The race was held regularly in the decades that followed. And similar races have taken off in other French cities, like Marseille and Nice, and beyond, including in Hong Kong, Buenos Aires and San Francisco. Some towns in the United Kingdom have put their own spin on the event, CNN reports, swapping out the coffee and croissant for a pint of beer.
Paris paused the race in 2011, reportedly due to budget constraints.
The city is home to some 150,000 cafes and restaurants, according to a 2023 report, but Tebben says that number has shrunk over time, especially as young people increasingly gravitate towards places with fast service and strong Wifi.
Given economic and political realities, she says she's not surprised that the race faded away — or that city officials decided to bring it back this year, ahead of the summer Olympics.
"The way [the French] do sports is a little different, and everything in Paris is a little bit more elegant," she said, noting that France doesn't have the same sort of public gym culture as the U.S. "So I love with this race that you can't run, you have to walk. You can't hold the tray with both hands, you can switch it from hand to hand. I just think that's a very French rendering of ... an athletic contest, with all the style and the sort of panache of what the French are about, especially in Paris."

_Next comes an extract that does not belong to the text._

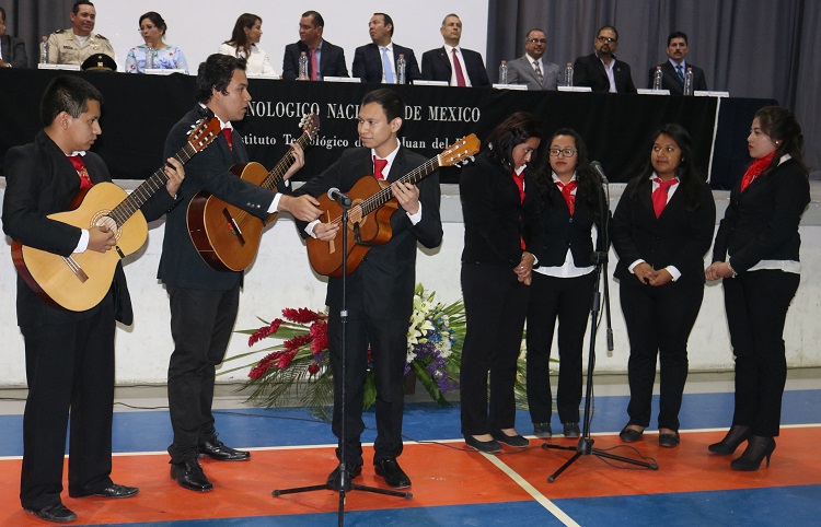 Tuvimos como integrantes del presidium a la rectora de la Universidad Tecnológica de San Juan del Río, representante personal del Gobernador Constitucional del Estado de Querétaro el M.V.Z Francisco Domínguez la Maestra en Administración Pública Bibiana Rodríguez Montes; la representante personal del Presidente Municipal Lic. Guillermo Vega Guerrero, Regidora de la Comision DE Educación y Cultura de San Juan del Río, Maestra Judith Ortiz Monroy; el Diputado Local por el IX Distrito de la LVIII Quincuagésima octava Legislatura del Estado de Qro. Roberto Cabrera Valencia; el Coordinador General de la Universidad Autónoma de Querétaro Campus San Juan del Río, al Dr. Juan Primo Benítez Rangel; el Teniente Coronel del Arma Blindada Diplomado de Estado Mayor Lázaro Morales Bello; el Secretario de la Delegación Sindical D-V-82 Sección 61 del SNTE el Ing. Juan Manuel Rodríguez Zamora. el Vicepresidente de Capacitación de la Cámara Nacional de Comercio de San Juan del Río, el Ing. Roberto Espinosa Gutiérrez; el consejero de la Cámara Nacional de la Industria de la Transformación de San Juan del Rio, el Lic. Andres Mares Urrutia; el Representante del Presidente de la Asociación de Industriales de San Juan del Río, Ing. Héctor Manuel Rivadeneira Díaz el Lic. Tomás Galvan; el Presidente del Comite Ejecutivo de la Sociedad de Alumnos del Instituto Tecnológico de San Juan del Río el C. Jose Juan Hernández Arteaga y el Director del Instituto Tecnológico de San Juan del Río el Dr. Guillermo De Anda Rodriguez.

Meanwhile, the summer Olympics are getting closer
Eau de Paris contributed the equivalent of more than $100,000 to cover the cost of the trays, aprons, coffee and croissants, according to the Guardian.
The water company says the race has the same objectives as before — "to promote sport and French excellence in service" — with a new focus on reducing plastic waste.

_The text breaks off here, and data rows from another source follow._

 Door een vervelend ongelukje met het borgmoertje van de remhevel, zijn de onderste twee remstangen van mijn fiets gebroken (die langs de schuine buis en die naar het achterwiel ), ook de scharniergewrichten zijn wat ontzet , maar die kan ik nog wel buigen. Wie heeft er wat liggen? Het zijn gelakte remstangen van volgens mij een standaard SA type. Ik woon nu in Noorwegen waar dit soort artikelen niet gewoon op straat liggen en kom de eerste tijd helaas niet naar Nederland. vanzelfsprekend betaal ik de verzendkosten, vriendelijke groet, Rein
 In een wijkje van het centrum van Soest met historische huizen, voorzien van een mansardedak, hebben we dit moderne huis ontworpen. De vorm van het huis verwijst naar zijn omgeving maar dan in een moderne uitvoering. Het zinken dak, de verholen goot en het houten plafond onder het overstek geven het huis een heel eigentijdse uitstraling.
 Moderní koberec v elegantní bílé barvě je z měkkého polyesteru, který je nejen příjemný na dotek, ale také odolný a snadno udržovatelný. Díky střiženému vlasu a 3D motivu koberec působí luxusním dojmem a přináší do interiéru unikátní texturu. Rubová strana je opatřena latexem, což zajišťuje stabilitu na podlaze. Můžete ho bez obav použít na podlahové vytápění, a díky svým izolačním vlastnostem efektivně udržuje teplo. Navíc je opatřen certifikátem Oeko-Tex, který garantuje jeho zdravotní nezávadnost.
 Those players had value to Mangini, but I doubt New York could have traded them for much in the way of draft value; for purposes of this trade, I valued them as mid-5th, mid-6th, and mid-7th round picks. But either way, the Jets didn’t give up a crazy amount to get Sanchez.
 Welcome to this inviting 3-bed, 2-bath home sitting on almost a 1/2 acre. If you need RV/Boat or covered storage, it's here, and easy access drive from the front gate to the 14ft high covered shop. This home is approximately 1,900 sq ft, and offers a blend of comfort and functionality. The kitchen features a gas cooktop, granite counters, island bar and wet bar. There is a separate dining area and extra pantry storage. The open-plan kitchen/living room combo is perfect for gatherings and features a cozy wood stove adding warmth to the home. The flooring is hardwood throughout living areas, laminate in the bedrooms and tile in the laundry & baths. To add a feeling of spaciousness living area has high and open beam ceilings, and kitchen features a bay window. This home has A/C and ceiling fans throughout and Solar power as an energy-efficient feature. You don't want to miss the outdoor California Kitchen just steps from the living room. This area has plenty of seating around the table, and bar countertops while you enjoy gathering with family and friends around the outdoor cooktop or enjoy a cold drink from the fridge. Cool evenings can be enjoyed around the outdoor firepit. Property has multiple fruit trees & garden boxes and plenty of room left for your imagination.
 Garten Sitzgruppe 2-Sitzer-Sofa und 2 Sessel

It's part of the utility's larger campaign against single-use plastic water bottles, which includes encouraging restaurants and businesses to pledge to refill patrons' water bottles with tap water for free.
"In a city that is about to host the greenest Olympic Games in history and two days before World Water Day, it is important that even our oldest traditions take a step towards a greener future," it said.
Tebben says she's glad to see the race return, and, alongside the Olympics, hopes it will help re-energize Paris's café spirit, which she describes as a sort of "eternal pleasure."
The Olympics are a chance for France to showcase its innovations, from environmental initiatives to culinary fusion, Tebben says. To her, the race shows how old traditions can be modernized, without being scrapped altogether.
"They're proud of it and they're not going to try to change it because the world has changed," she said. "There's some comfort in that too, that it's still going on: Waiters are still there, doing what they've always done and doing it properly."